In a contest sponsored by Microsoft, students demonstrated their creativity by submitting homemade commercials that advertised their favorite Microsoft products. The winners received their choice of an HD2 smart phone, by HTC Corp., or a Microsoft Xbox 360.

The Region 8 Student Activities Committee presented several awards, including the IEEE Darrel Chong Student Activity Award for exemplary involvement and activity, which went to the student branch at Princess Sumaya University for Technology, in Amman, Jordan, as well as the Region 8 Larry K. Wilson Student Activities Award for extraordinary leadership, given to Serkan Baydin of Bilkent University, Turkey. The student branch at Leuven received an award to mark its 50th anniversary.

The congress wasn't strictly all business. A formal dinner on Thursday evening was held at an upscale restaurant, and there was a barbecue on Friday on the university campus.

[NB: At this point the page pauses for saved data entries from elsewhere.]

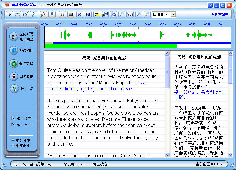 磁带复读机曾是广大英语学习者的必备工具。但是近几年来,磁带的发行量迅速下降,英语书籍往往不再配磁带,而是改配MP3光盘。网上也有大量MP3格式的英语学习资料以及英文原版电影,内容几乎是包罗万有(点击下载)。因此,用电脑或MP3机学英语,已经成为不可逆转的潮流。用电脑播放MP3文件听力材料或者英文原版电影,比起MP3机等设备,又有便于操作,便于文字对照、听写、保存等优点。虽然很多播放软件都可以播放,但是这些播放软件都不是专门为英语学习设计,因此没有英语学习所必需的各种功能,比如复读、跟读对比、听写、难句摘录等。《角斗士超级软件复读机》是专门针对英语学习而设计的电脑复读机软件,具有很强大的复读、跟读、听写练习等功能,大大提高您练习听力、学习口语和英语课文的效率,还能对英文电影进行复读、跟读、听写,是您看电影学英语的极佳工具!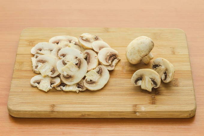 - Snijd kleine champignons in dunne plakjes. Als de champignons groot zijn, is het beter om ze in blokjes te hakken. Bak het bereide product goudbruin.
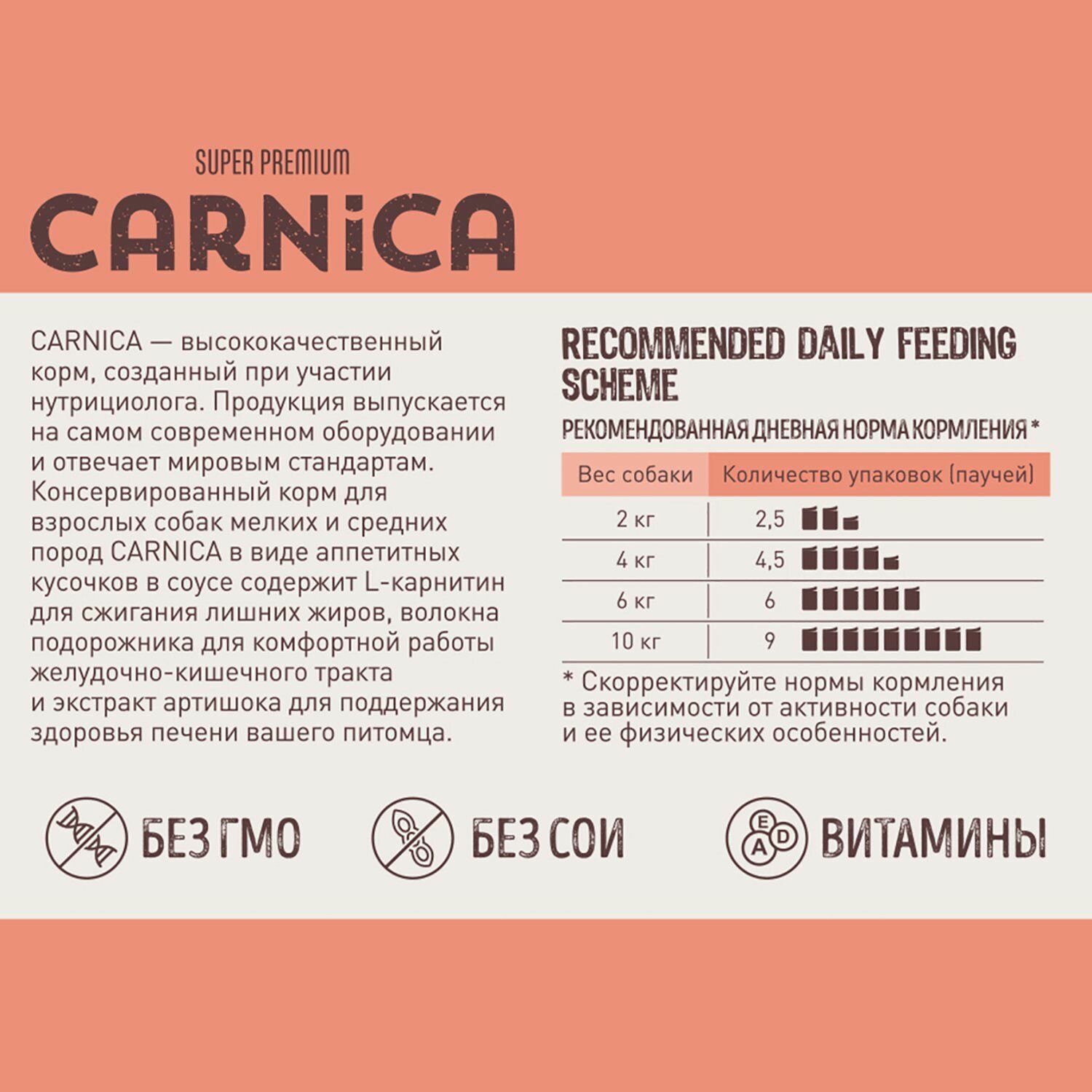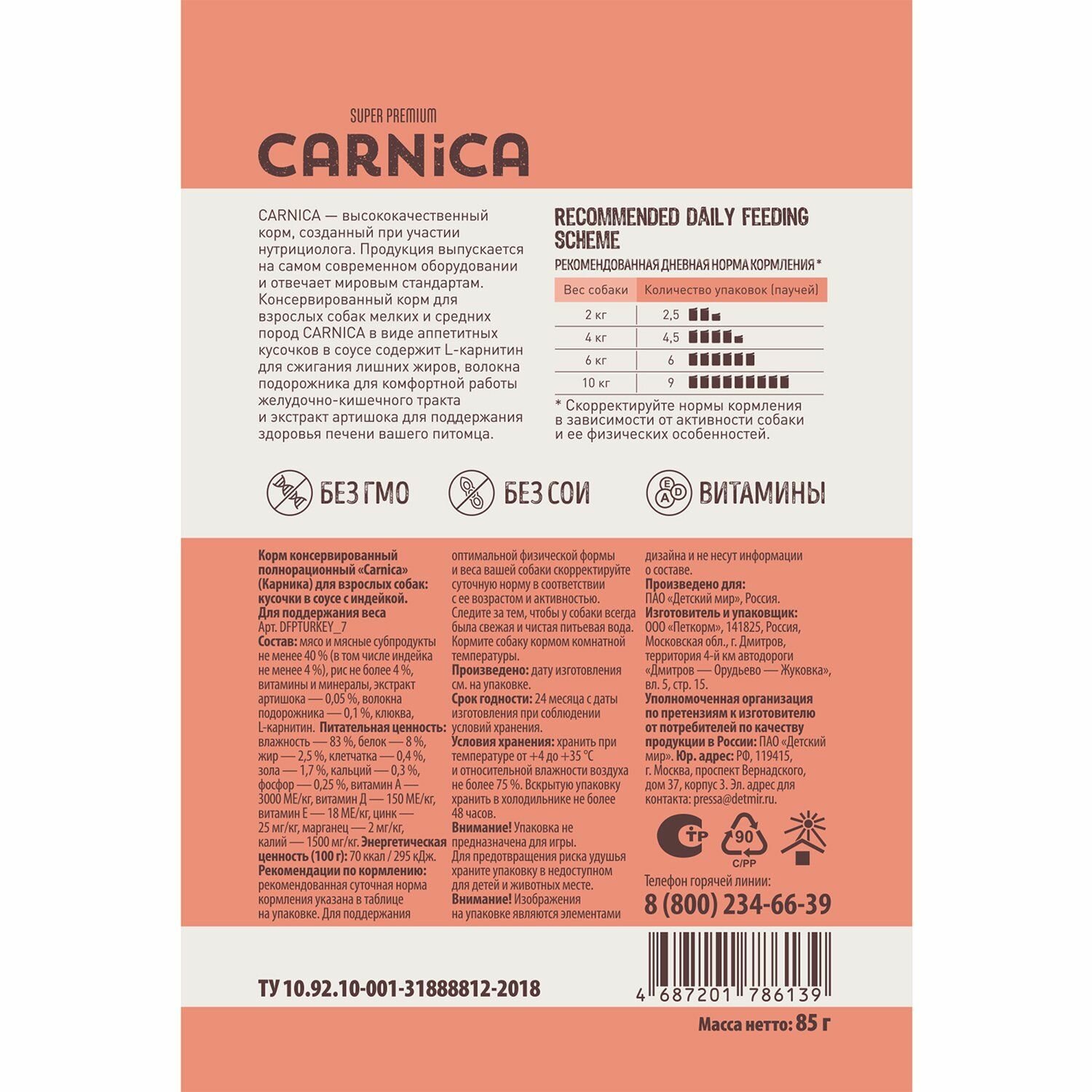 Купить Корм для собак Carnica 85г с индейкой для поддержания веса кусочки в соусе консервированный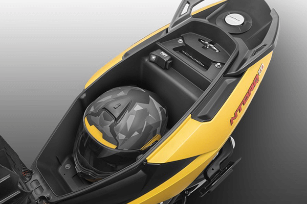 NTorq 150 ialah model skuter perdana yang bakal ditawarkan TVS. Jika NTorq 125 (gambar atas) ialah skuter sporty, si abang NTorq 150 pula lebih kepada skuter santai ergonomik dengan posisi kaki ke depan. Selain rekabentuk itu, NTorq 150 bakal didatangkan dengan palam pengecas telefon pintar dan penghidup tanpa kunci (keyless entry). Difahamkan juga, skuter tersebut akan menggunakan komponen NTorq 125 seperti pedal gear, spidometer dan bar hendal.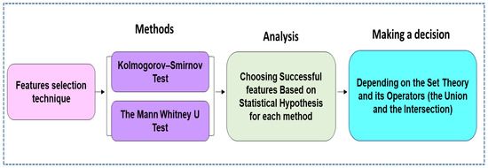 To eliminate redundant features, the Kolmogorov–Smirnov (KST) and Mann–Whitney U (MWUT) Tests are integrated, by which the extracted features are investigated and ranked based on KST and MWUT metrics and arithmetic operators adopted to deduce the most pertinent classified features for each pair of the EEG signal group.
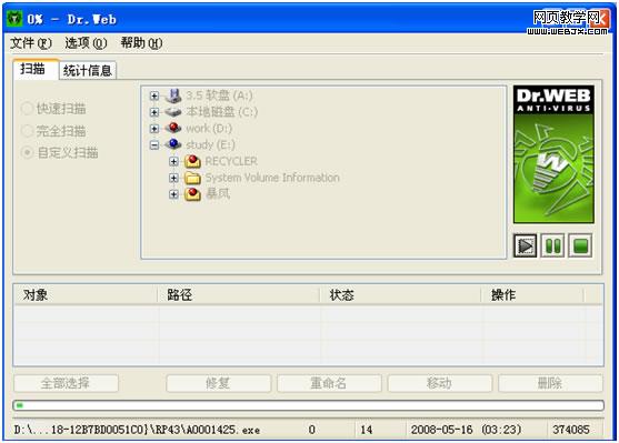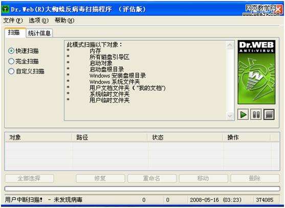 通过图上我们发现了扫描的主界面。这时是系统默认的设置,是最优化的。根据主界面的显示,有三种扫描方式供我们选择。快速扫描 完全扫描 自定义扫描。最右边是大蜘蛛图标和开始,暂停,停止按钮。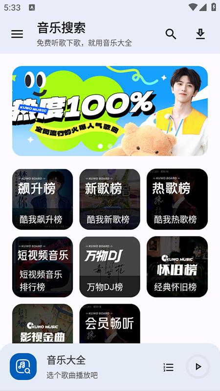 免费音乐大全是一款全新的免费音乐播放软件,拥有个性化的音乐播放界面设计,允许用户轻松调整音质,播放源等设置,随时随地在线听歌,还提供全面的音乐分类,及时获取最新且受欢迎的音乐资源,自由享受优质的音乐播放乐趣,还具有全新的音乐社区,允许用户自由交流并分享各种音乐歌单,方便用户轻松管理喜欢的音乐歌曲,能完全满足所有音乐需求,还支持下载缓存功能,可以及时下载各种热门音乐来听歌。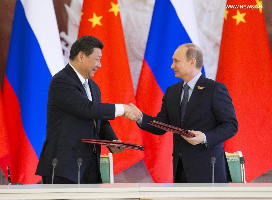 Chinese President Xi Jinping (L) shakes hands with his Russian counterpart Vladimir Putin during the signing of a joint statement after their talks in Moscow, capital of Russia, May 8, 2015. (Xinhua/Huang Jingwen)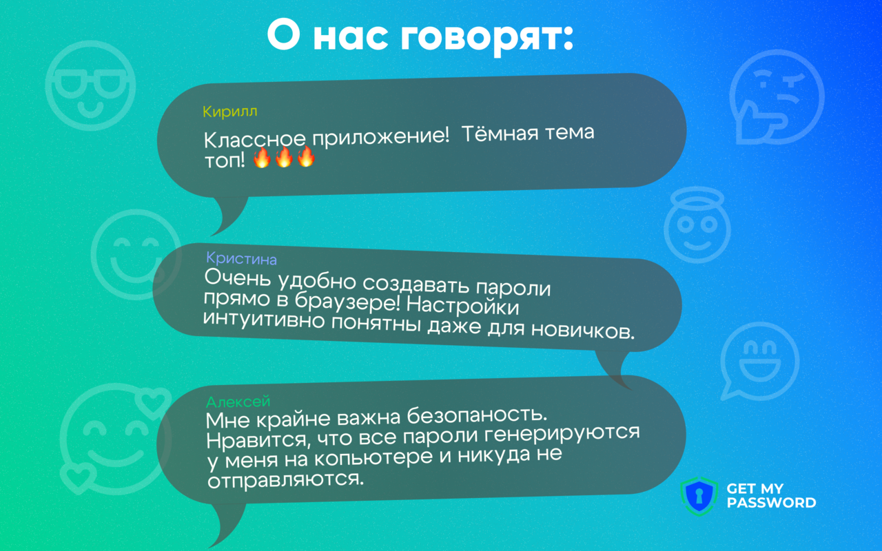 🔒 Без хранения данных. Без отслеживания. Полная конфиденциальность. Все пароли создаются локально на вашем устройстве – безопасность прежде всего!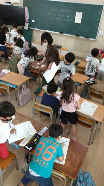 ビンゴゲームのマス目が完成したら、いよいよゲーム開始です。担任の先生が名前を読み上げていきますから、出た名前がマス目にあれば丸で囲みます。たて・よこ・ななめ…誰が一番早くそろうかな?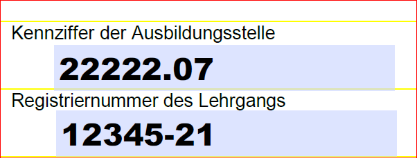Die Kennziffer Ihrer Ausbildungsstelle ist in der Option AusbildungsstelleKennziffer einzutragen, damit sie im BG Abrechnungsformular gedruckt werden kann.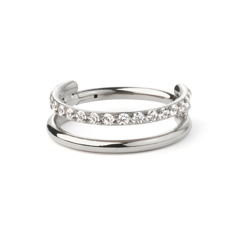 Nosaukums: Pīrsingu gredzens no titāna ar divām stīpām un kristāliņu rindu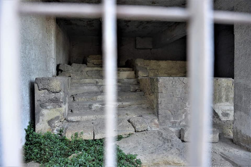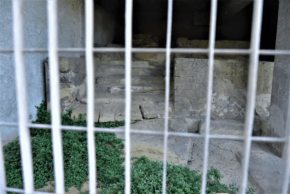 Per qualche decennio il vano esterno alla base della facciata ovest del palazzo, è stato alla mercè di chiunque diventando un letamaio, poi la decisione di chiudere il sito con una inferriata. Ciò non impedisce alla spazzatura di infilarsi tra le sbarre o all’erba infestante di crescere; chi avrebbe il dovere di pulire periodicamente? Peraltro, mai una segnaletica fu apposta, come per tanti altri siti archeologici che invece andrebbero evidenziati. Eppure potrebbe essere tappa di un percorso turistico, sebbene non sia rimasto molto.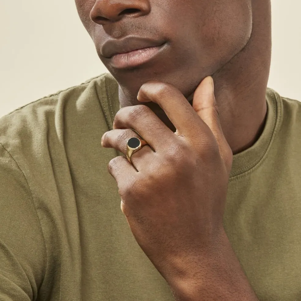 Chevelière Or Jaune 375/1000 Plateau Ovale Lisse Onyx Noir Gm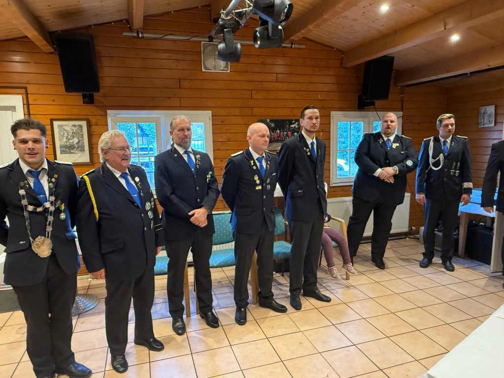 Für eine besonders freudige Überraschung sorgten die Musiker des Tambourcorps Lintorf. Auf ihrer Planwagentour machten sie einen Abstecher zum Königsfest und erfreuten die Gäste mit einem musikalischen Ständchen. Mit einem Augenzwinkern wurde vorgeschlagen, die Gruppe künftig vielleicht in „Tambour-Chor“ umzubenennen.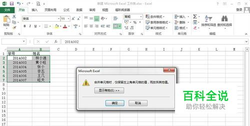 在合并excel两个单元格时,默认保留最左侧单元格的内容,合并时会有所提示;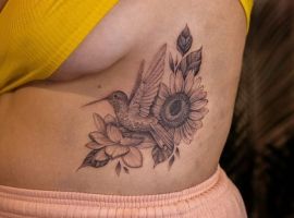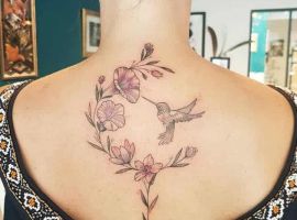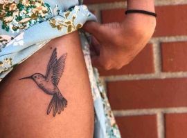 Тату колібрі на лопатці вигідно доповнить пляжний образ і подарує впевненість у своїх силах.

The congress closed with a multicultural event on Saturday evening. Students shared their country's traditional food, drink, and music, while dressed in traditional garb, and decorated their tables with their nation's flags, symbols, and other paraphernalia.

On Sunday, attendees were invited on a tour through Brussels. Participants sampled pain à la, a popular Brussels pastry, and visited historical sites, including the Basilica of the Sacred Heart, the Roman Catholic parish church that dominates the Brussels skyline.

"The 2010 IEEE Region 8 [student branch] Congress proved to be, once again, a very rewarding, perfectly organized, and memorable event," says Eva Lang, the region's chair of student activities. "It was the best congress I've ever attended, and I've been to quite a few."